Al aprovechar las fortalezas de diferentes algoritmos, el EnsembleRetriever puede lograr un rendimiento mejor que cualquier algoritmo individual.

Un patrón común es combinar un buscador disperso (como BM25) con un buscador denso (como similaridad de incrustación/embedding), ya que sus fortalezas son complementarias. Esto también se conoce como “búsqueda híbrida”.

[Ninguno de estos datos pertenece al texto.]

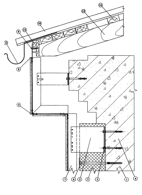 Рис. 3.17. Вертикальный разрез примыкания системы к карнизу 4. исходные данные для проектирования системы4.1. Проектно-сметная документация на систему для конкретного объекта разрабатывается на основе задания на проектирование, подготавливаемого в соответствии с существующим в г. Москве порядком и утверждаемого заказчиком. Задание на проектирование обязательно должно содержать требование о соответствии системы СНиП 23-02-2003 и МГСН 2.01-99. 4.2. Задание на проектирование должно включать: - архитектурные чертежи фасадов здания, в т.ч. сведения о фактуре и цвете облицовочных материалов, чертежи архитектурных деталей (карнизов, обрамления проемов и т.п.) и другие необходимые данные, если это не входит в состав работ по конкретному заданию; - строительные чертежи наружных стен от фундаментов до парапетов, включая узлы, поясняющие решение и размеры конструкций; - данные от разработчиков конструкций фундаментов о величине допустимой дополнительной нагрузки на стены здания или заключение компетентной организации о несущей способности фундаментов здания; - план участка, где расположено здание. Для реконструируемых зданий задание на проектирование дополнительно должно содержать акт обследования наружных стен здания, где указывается состояние поверхности фасадов, результаты испытаний принятых дюбелей на выдергивание из стены и геодезическую съемку поверхностей фасадов с данными о величине отклонений их отдельных участков от вертикальной плоскости. 4.3. В состав задания на проектирование должна быть включена Техническая оценка Госстроя России ФЦС ТВ-1118-05 (приложение к Техническому свидетельству) на данную фасадную систему. 5. Определение основных параметров системы5.1. Основными параметрами системы являются: - схема размещения на фасаде здания кронштейнов и вертикальных профилей со всеми необходимыми размерами, в том числе расстояние от основания до экрана; - марка дюбелей для крепления кронштейнов несущего каркаса к основанию; - характеристика принятых плит утеплителя: марка, размеры, плотность, теплопроводность, наличие или отсутствие защитной пленки; - величина воздушного зазора; - марка дюбелей для крепления плит утеплителя к основанию; - тип и размер облицовочных материалов и способ их крепления к несущему каркасу; 5.2. Схема размещения на фасаде здания элементов несущего каркаса разрабатывается, исходя из следующих условий: - размеров по ширине облицовочных плит, вертикальный шов между которыми должен располагаться в центре вертикального профиля; - геометрии фасада здания, расположения проемов, балконов, карнизов и других западающих (выступающих) от плоскости фасада элементов для сокращения количества облицовочных плит с нестандартными размерами; - результатов прочностных расчетов системы, на основании которых уточняется шаг установки кронштейнов по горизонтали и вертикали; - расстояния от основания до экрана, принятого на основании теплотехнических расчетов, при этом следует учитывать величину фактических отклонений фасада от проектного положения. 5.3. Марку дюбелей для крепления кронштейнов и утеплителя выбирают с учетом результатов прочностных расчетов системы, материала основания, паспортных данных принятых дюбелей и результатов их испытаний на выдергивание из стены. 5.4. Выбор плит утеплителя выполняется на основ

Buscador Disperso (Sparse Retriever): Es eficaz para encontrar documentos relevantes basados en palabras clave.
Buscador Denso (Dense Retriever): Es eficaz para encontrar documentos relevantes basados en similitud semántica.

Librerías

from dotenv import load_dotenv
from langchain.embeddings import OpenAIEmbeddings
from langchain.retrievers import BM25Retriever, EnsembleRetriever
from langchain.vectorstores import Chroma

from src.langchain_docs_loader import load_langchain_docs_splitted

load_dotenv()

True

Carga de datos

docs = load_langchain_docs_splitted()

Inicialización de retrievers independientes

bm25_retriever = BM25Retriever.from_documents(docs)
bm25_retriever.k = 2

vector_retriever = Chroma.from_documents(
    docs, embedding=OpenAIEmbeddings()
).as_retriever(search_kwargs={"k": 2})

Retrying langchain.embeddings.openai.embed_with_retry.<locals>._embed_with_retry in 4.0 seconds as it raised RateLimitError: Rate limit reached for default-text-embedding-ada-002 in organization org-vwqjdaXGZeEg6mWAVSflJXD9 on tokens per min. Limit: 1000000 / min. Current: 834322 / min. Contact us through our help center at help.openai.com if you continue to have issues..
Retrying langchain.embeddings.openai.embed_with_retry.<locals>._embed_with_retry in 4.0 seconds as it raised RateLimitError: Rate limit reached for default-text-embedding-ada-002 in organization org-vwqjdaXGZeEg6mWAVSflJXD9 on tokens per min. Limit: 1000000 / min. Current: 742721 / min. Contact us through our help center at help.openai.com if you continue to have issues..
Retrying langchain.embeddings.openai.embed_with_retry.<locals>._embed_with_retry in 4.0 seconds as it raised RateLimitError: Rate limit reached for default-text-embedding-ada-002 in organization org-vwqjdaXGZeEg6mWAVSflJXD9 on tokens per min. Limit: 1000000 / min. Current: 652165 / min. Contact us through our help center at help.openai.com if you continue to have issues..

Ensamblaje de retrievers

ensemble_retriever = EnsembleRetriever(
    retrievers=[bm25_retriever, vector_retriever], weights=[0.5, 0.5]
)

ensemble_retriever.get_relevant_documents(
    "¿Cómo utilizar un retriever con langchain expression language?"
)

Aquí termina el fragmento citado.